JA: While these factors became the impetus to realize this work in Munich, we were also interested in a more essential set of questions that we hoped this work might also provoke which are not reducible to any of these site-specific influences. One of these questions was specifically related to the music: what can “Ode to Joy” stand for today, if anything? Have the claims for “universal brotherhood” been hollowed out over the course of centuries of appropriation by disparate political and ideological agendas? What role might silence play when introduced into sections of the main melody? What does it mean to push a piano while playing? What new relations can be made between musical performance and choreography? Other questions had more to do with the work’s potential within the art historical tradition: what constitutes sculpture today? What is the relationship between object and performance? How does one deal with questions of time and duration in an exhibition? What is the relationship between site-specificity and displacement? Where might the roads lead in the expanded field of art, performance, and musical experimentation from John Cage and his peers to the present? Finally, the terrain of affect and embodiment that we spoke about earlier was also very important to us.
CM: Your work’s relationship to history and the political seem to be mediated by language, storytelling and narrative. Your projects provide alternative ways to “read” canonical interpretations of history. Also, as the answers in this interview make evident, “discourse” is essential to your practice; you carefully construct meaning by way of language in addition to your work with form. Can you talk about the role of language, speech, and narration in your work?
JA: Language has played such a central role in our practice mainly because of the fact that we collaborate. We are two people with different backgrounds, subjectivities, and ideas who must find a way to communicate in order to work together. So language has become a very obvious place to begin this dialogue.

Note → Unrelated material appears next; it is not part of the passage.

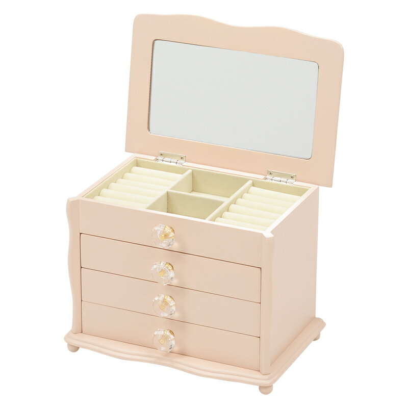 送料無料 コンパクト ジュエリーボックス アクセサリーボックス 完成品 可愛い 大容量 アクセサリーケース ジュエリーケース アクセサリー収納 アクセサリーケース 引き出し小物ケース ネックレス かわいい ミラー付 おしゃれ 誕生日 プレゼント ピンク MUD-6888PI
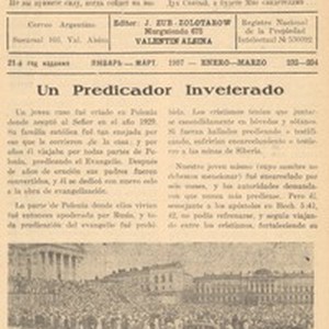 The Christian Herald was an informational organ of the Union of Pentecostal churches of "Assemblies of God" in South America. The journal was founded in August 1937 at the founding meeting of the Slavic Pentecostal churches of South America. Believers from Argentina, Paraguay, Uruguay and Brazil were present at the meeting. The purpose of the journal was to "carry unity and communication of the Spirit to the midst of believers in full Gospel". The journal united Pentecostal churches and became a link which connected believers scattered all over the world. Thus, letters of Christians of Evangelical faith from Germany, Belgium, France, the Netherlands, Canada, the United States, Uruguay, Paraguay, the Philippines, China, Australia and other countries were published in the journal journal. The first issue was published in Russia in October 1937. Subsequently, the journal spread to 40 countries where the Slavic diaspora lived. The headquarters of the journal was located in Buenos Aires. Juan Zub-Zolotarow was responsible for the journal. He was a permanent editor for 42 years. The journal was published for offerings of believers. Spiritually-edifying and theological articles of Donald Gee, Alfred Goets, R. Bratslavsky, N. Vodnevsky, D. Bespalov were published in the journal. On the last pages, as a rule, information from local churches and the mission and evangelical fields of North and South America, Canada, Africa, Australia, India, Europe and China was published. Thus the activity of such evangelists as Oral Roberts, Billy Graham, T. Giks, and William Brankham was reported in detail. [Description English/roman)] Христианский Вестник -- информационный орган Союза Пятидесятнических церквей «Собраний Божиих» Южной Америке. Журнал был основан в августе 1937 года на учредительном собрании славянских пятидесятнических церквей Южной Америки. На этом съезде присутствовали верующие с Аргентины, Парагвая, Уругвая и Бразилии. Цель журнала: «Нести единство и общение духа между верующими в полное Евангелие». Журнал объединил вокруг себя пятидесятнические церкви и стал как-бы связующим звеном между верующими, рассеянными по всему миру, публикуя письма христиан веры евангельской-славян из Германии, Бельгии, Франции, Голландии, Канады, Соединенных Штатов, Уругвая, Парагвая, Филиппин, Китая, Австралии и других стран. Первый номер журнала, издававшегося на русском языке, вышел в октябре 1937 года. Впоследствии журнал распространялся более чем в 40 странах, где проживала славянская диаспора. Штаб квартира журнала находилась в Буэнос-Айресе. Ответственным за журнал был назначен И.Зуб-Золоторев, который и был бессменным редактором на протяжении 42-х лет. Издавался журнал на добровольные пожертвования верующих. В журнале печатались духовно-назидательные и богословские статьи Дональда Джи, Альфреда Гоетца, Р.Брацлавского, Н.Водневского, Д.Беспалова. На последних страницах, как правило, публиковались информационные сообщения от поместных церквей и евангелизационных и миссионерских полей Северной и Южной Америки, Канады, Африки, Австралии, Индии, Европы и Китая. Так освещалась подробно деятельность евангелистов: Орала Робертса, Билли Грэма, Т.Гикса, Уилльяма Бранхама. [Description (original non-English/roman language/script)]

GC: Our particular pleasure in looking into the origins of words is an extension of this. It is both useful and fascinating to us to see how words have taken different turns in meaning as they have moved through times and cultures, and inversely, in what distant universe of meaning a word began, and how those etymological beginnings might still haunt its understanding and use in the present.
JA: All the same we are interested in the ruin of language, with words that slip from their intended meanings, that work against themselves, that topple into nonsense, that push language to its silent end or beyond.
CM: You have often referred to your work as “monstrous art.” Can you expand on your use of this adjective/category/concept?
GC: We have talked in the past about the monstrous dimension of art. By that we mean the potential in an artwork to exceed the plans and purposes of its creators. For example, in the case of the piano, which is formed in such a precise manner, we are interested in the things that are unmeasurable and unformed in the work, which can go beyond our intentions, and can make the work mean something we couldn’t anticipate.
JA: The etymological root of “monster” is fascinating. It derives from the Latin monstrare: to show.
GC: We’re interested in those moments in which the work “shows” at the level of form and content something that interrupts and alters its context and predetermined meaning: the ever-present possibility within a form or matrix of a future that could be something other than an extension of the present.